Neuhausen Skepsis wegen Straßenbreite

Die Theodor-Heuss-Straße in Neuhausen wird ab Sommer saniert und zurückgebaut.
Die Theodor-Heuss-Straße in Neuhausen wird ab Sommer saniert und zurückgebaut. © Foto: Thomas Kiehl
CAROLA EISSLER 05.03.2015
Die Theodor-Heuss-Straße in Neuhausen wird ab Juli komplett saniert. Der Ortschaftsrat ist damit einverstanden, hegt aber Bedenken wegen der starken Fahrbahnverengung in der Sammelstraße.

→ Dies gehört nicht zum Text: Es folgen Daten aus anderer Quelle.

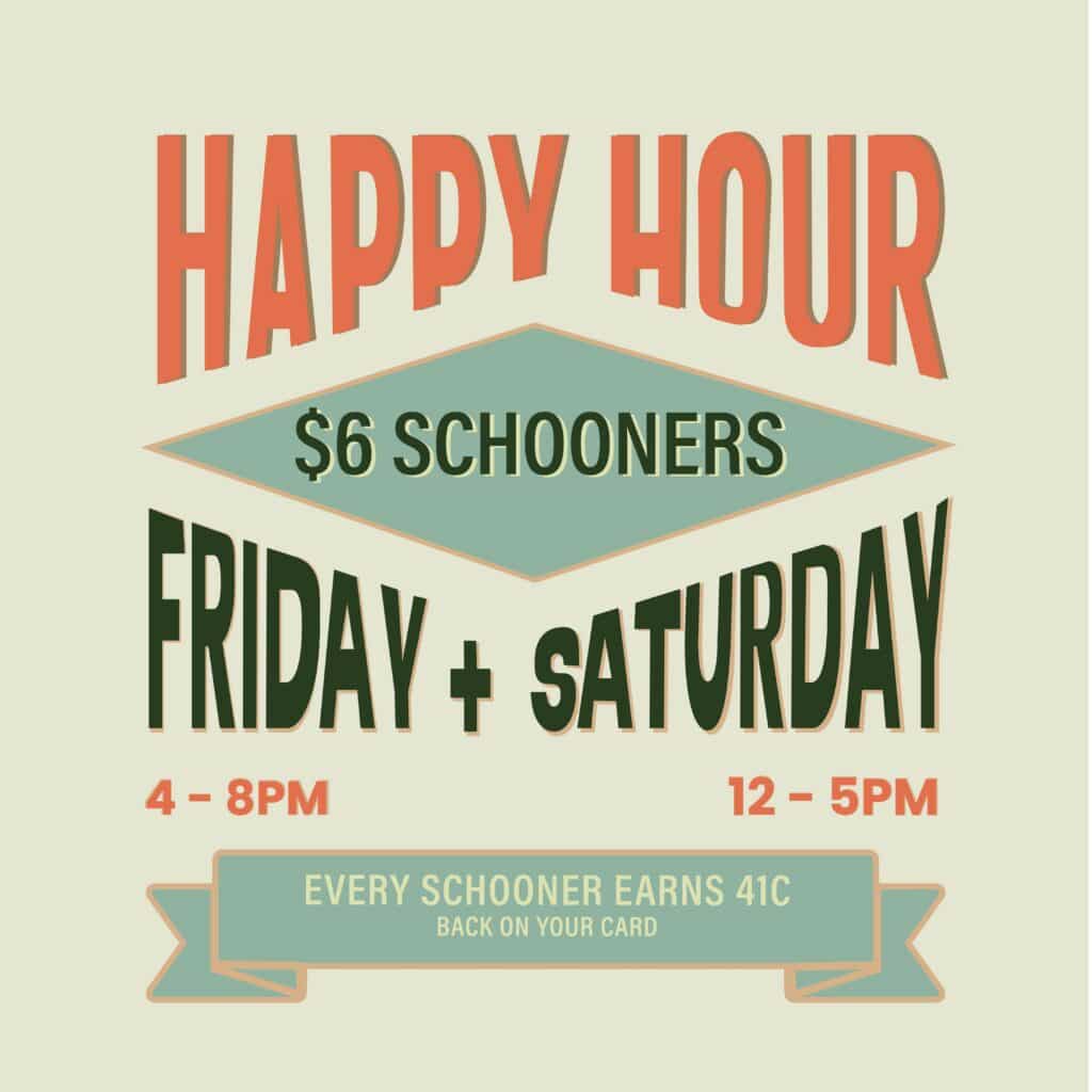 Available Fridays from 4-8pm & Saturdays 12-5pm. Plus every schooner earns you 41c back onto your members card!

In drei Bauabschnitten wird die Theodor-Heuss-Straße ab Juli saniert, im Dezember soll dann alles fertig sein. Die Querstraße zwischen Metzinger Straße und Bahnlinie fungiert in Neuhausen als Sammelstraße und ist deshalb stark frequentiert. Inzwischen ist nicht nur die Straße samt Gehwegen marode, auch Kanal und Trinkwasserleitung samt den dazugehörigen Hausanschlüssen müssen erneuert, Gasleitungen verlegt und auch Stromkabel erneuert werden. Der Straßenraum soll insgesamt aufgewertet, der Ausbau zudem behindertengerecht werden. Im Zuge der Umsetzung des Klimaschutzkonzeptes der Stadt Metzingen werden auch Flächen entsiegelt. Start der Arbeiten ist zwischen Metzinger Straße und Badstraße, die Baukolonne wandert dann sukzessive in Richtung Bahnlinie. Im vorderen Bereich an der alten B 28 wird auch die Bushaltestelle stadteinwärts neu gestaltet mit Pflanzbeet, hohen Bordsteinen und Sitzplätzen. Rund 420 000 Euro gibt die Stadt für die Straßensanierung aus, rund 270 000 für die Sanierung des Kanals. Der Anteil der Stadtwerke für die Sanierung der Wasserleitung beträgt 96 000 Euro.

Die Straße aus den 1960er Jahren ist noch recht breit, durchgehend 6,50 Meter. Zu breit für heutige Verhältnisse, weshalb die Straße im Zuge der Baumaßnahmen auch zurückgebaut, die Gehwege dagegen auf 1,50 bis zwei Meter verbreitert werden.

Wie Gerhard Linder vom Bauamt der Stadt Metzingen den Ortschaftsräten am Dienstagabend vortrug, wird die zukünftige Straße in weiten Teilen nur noch 5,50 Meter breit sein. Dies sei deshalb möglich, weil in der Straße kein Linienbusverkehr stattfindet.

Etliche Räte hegen Bedenken gegen die zukünftige Straßenbreite. Gerhard Fritz fragte, wieso nicht gleich Parkbuchten angelegt werden, dann sei die Parksituation klar. "Wenn links und rechts versetzt geparkt wird, dann kommt man mit dem Feuerwehrauto eben doch nicht mehr durch." Bereits jetzt, bei breiterer Fahrbahn, sei die Situation schwierig. Auch Friedemann Salzer ist skeptisch: "Ich bin ja grundsätzlich für einen Rückbau breiter Straßen. Aber zusätzliche 50 Zentimeter täten der Theodor-Heuss-Straße gut. Die Straße hat Sammelstraßen-Charakter und wir bauen jetzt eine zweite Badstraße." Sein Appell an die Stadt: "Gehen Sie nochmals in sich."

Linder sagte zu, die Entwicklung zu beobachten. Wenn es nicht funktioniere, könne man immer noch reagieren. Der Ortschaftsrat seinerseits wollte wegen dieser Bedenken nicht die ganze Planung gefährden und stimmte deshalb, am Schluss, dennoch zu.

Noch eine ganz andere Parkdebatte brachte Michael Bolz auf. Er kritisierte, dass eine Firma mit ihren Autos das ganze Gebiet zuparke und fragte den in der Sitzung anwesenden Heiko Gollmer vom Baurechtsamt, ob denn das überhaupt zulässig sei. Ist es, sagte Gollmer, sofern die Atos zugelassen und keine Lastwagen seien. "Da dürfen Sie so viele Autos abstellen wie sie wollen." Eine Antwort, die Bolz nicht zufriedenstellte. Er will sich nun beim Ordnungsamt melden "wenn die Sache in Zukunft mal wieder überhand nimmt".

Die Anwohner der Theodor-Heuss-Straße wurden bereits über die anstehenden Baumaßnahmen informiert. "Ohne Einschränkungen geht es freilich nicht", sagte Linder. Die Zufahrt zu einzelnen Grundstücken könne mitunter nicht immer gewährleistet werden. Jedoch werde man auch dann die Betroffenen nochmals informieren.